Astros Fire Two, but That Won’t Clean Out Baseball’s Den of Thieves

Astros Fire Two, but That Won’t Clean Out Baseball’s Den of Thieves


First, though, let’s note countervailing facts. Stealing signs is an ancient art. A New York Giant named Bobby Thomson hit a famous home run to give the Giants a win over the Brooklyn Dodgers in the third game of a three-game playoff in 1951, a shot that broke hearts and lifted spirits and that lives on in music and literature.

As The Wall Street Journal reported five decades later, it turned out that Giants Manager Leo Durocher, who is known for the famous sports quotation “Nice guys finish last,” had installed a coach far in the manager’s office in center field and handed him binoculars. When he had decoded the pitching signs, he put his thumb on a buzzer that sounded in the Giants’ bullpen, and players there signaled the hitter. Perhaps Thomson’s homer was a pickpocket’s reward.

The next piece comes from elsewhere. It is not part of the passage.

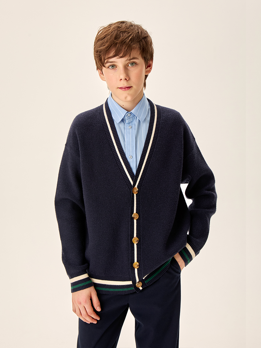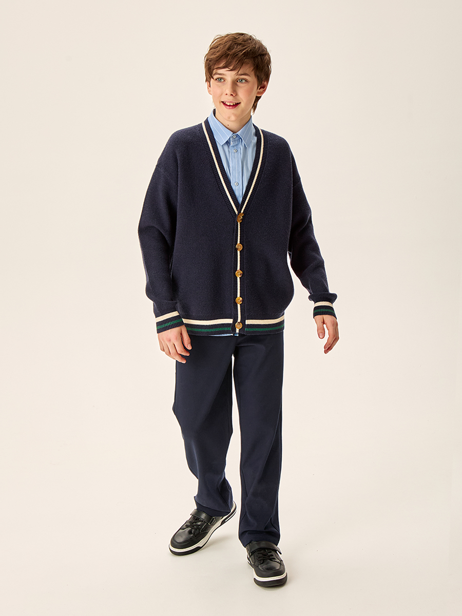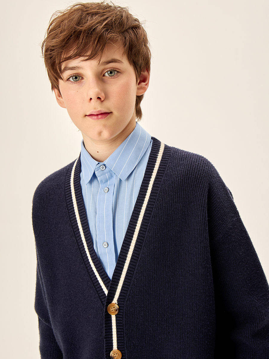 Кардиган для мальчика сочетает в себе стильный дизайн и максимальный комфорт для ребенка. Изготовлен из нежного и мягкого вязаного трикотажа, что обеспечивает комфорт в течение всего дня.
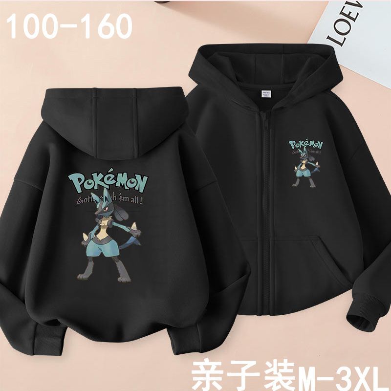 포켓몬 어머니-딸 부모-자녀 옷 가을과 겨울 루칼리아 소녀 지퍼 스웨터 카디건 후드 재킷 기모

Just last summer, the Mets’ manager, Mickey Callaway, and his bench coach, Jim Riggleman, leveled an accusation at the Los Angeles Dodgers, who lost the 2017 World Series to the Astros. “I think they have a system that helps them get signals and stuff,” Riggleman told reporters in May. There was no proof, but then again there rarely is.

Let’s move beyond mere pilferage. Tony La Russa presided as manager over the birth of the sluggo steroids era in Oakland and then served as manager at its apogee in St. Louis, when Mark McGwire made like Popeye and swatted home runs toward the Mississippi.

Through it all, La Russa waved off any suggestion that his sluggers were doping, and he was later admitted to the Baseball Hall of Fame.

A scandal that leads players to inject illegal steroids to compete with absurdly muscled competitors is worse than banging like a banshee on a garbage can in hopes you can communicate to a hitter that a 93 miles-per-hour slider will arrive in the next 1.1 seconds. Professional athletes are stunning creatures, though, and so I would not rule out that such information might confer an edge.

A quick scan of statistics offers no damning revelation.

In 2017, the Astros hit .279 at home with 115 home runs and a .472 slugging average. On the road, where a pitch-stealing scam was more difficult to pull off, the Astros hit .284 with 123 home runs and a .483 slugging average. That was not a one-off. In 2018, the Astros hit .248 at home with 92 home runs; on the road, the Astros hit .262 with 113 home runs.